Acute attacks occur against the background of frequent dull pain. Eating can trigger pain. Having a bowel movement can ease the pain but not completely. 2.1.3. Abdominal Distention
The patient frequently complains of abdominal distension. Patients with irritable bowel syndrome may present with an increased waist circumference throughout the day as assessed by CT scan. They are also often uncomfortable with unusual abdominal distension.

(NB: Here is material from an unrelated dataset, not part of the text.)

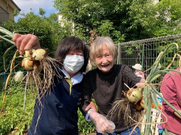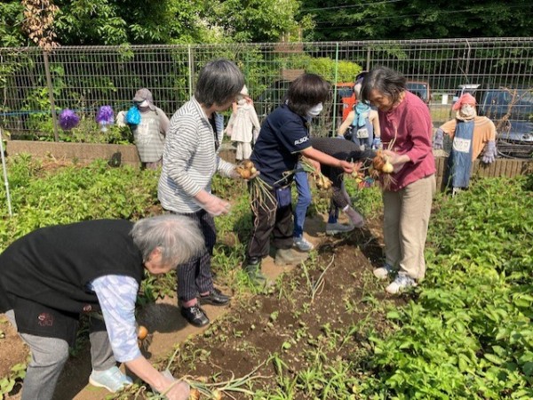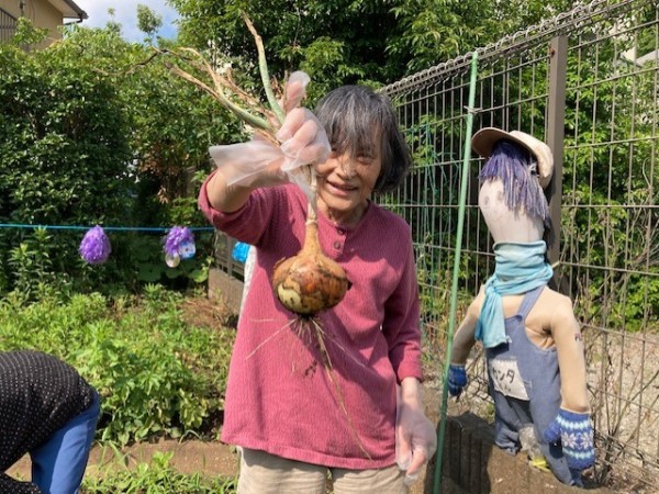 4月に芽が出てきたジャガイモと玉ねぎを収穫する日がやっと来ました!!

2.1.4. Clear or white viscous sputum, not due to an inflammatory cause
2.1.5. Other symptoms
Indigestion, heartburn, nausea, vomiting, sexual dysfunction (including painful intercourse and decreased libido), polyuria and need to urinate. Symptoms may get worse near the menstrual cycle. 2.1.6. Stress-related symptoms 2.2. Inconsistent medical history Irritable bowel syndrome
Unusual signs with onset in middle age or older Acute symptoms: irritable bowel syndrome is often chronic in nature. Symptoms worsening Nocturnal symptoms Loss of appetite or weight loss Fever Rectal bleeding, bloody stool Diarrhea without abdominal pain Lactose and/or fructose intolerance, Gluten
3. Diagnostic test for irritable bowel syndrome
Because irritable bowel syndrome is a diagnosis of exclusion, the diagnostic test is also a test to exclude other conditions with the history taken to reach a final conclusion for irritable bowel syndrome:
3.1. Laboratory Testing Complete blood count to screen for anemia, inflammation Metabolic test to comprehensively evaluate metabolic disorders and rule out dehydration/electrolyte status in patients with diarrhea. Rule out gastrointestinal bleeding with fecal occult blood test Stool test for Giardia antigens: look for eggs and parasites. Microbiological testing, stool examination for intestinal pathogenic microorganisms, white blood cells, and Clostridium difficile toxins. Thyroid function test (depending on the patient): screening for hyperthyroidism or hypothyroidism. Serum calcium test: screening for hyperparathyroidism. Tests are not specific for inflammation: erythrocyte sedimentation rate or CRP. Serological tests or small bowel biopsy to screen for celiac disease, especially in diarrhea-predominant irritable bowel syndrome. Breath H2 test to rule out bacterial overgrowth in patients with diarrhea. 3.2. Imaging based on history Gastroenterology: screening for tumors, inflammation, obstruction and Crohn's disease. Dual-contrast colonoscopy: screening for tumor and inflammation. Gallbladder ultrasound: when the patient has recurrent dyspepsia or characteristic postprandial pain. Abdominal CT scan: screening for tumors, obstruction, and pancreatic disease. 3.3. Other tests Follow a lactose-free diet for 1 week, in combination with lactate supplementation. If the condition improves, the patient has lactose intolerance, although the history and response to this test may not be completely reliable. Therefore, some gastroenterologists often order a breath test for hydrogen (H2). Similarly, fructose intolerance should also be considered. Indication for 48-hour fasting: continued diarrhea indicates a cause for increased secretions. Anal manometry may reveal a spasmodic response to rectal distention or other problems. 3.4. Perform diagnostic procedure Flexible sigmoidoscopy (sigmoidoscopy) in patients with irritable bowel syndrome to identify distal inflammation or obstruction. Gastroduodenal endoscopy with biopsy may be indicated for patients with persistent gastrointestinal disturbances, weight loss, malabsorption symptoms, or if celiac disease is suspected. warning signs such as: bleeding, anemia, chronic diarrhea, older age, history of colon polyps, family history of cancer, weight loss or loss of appetite.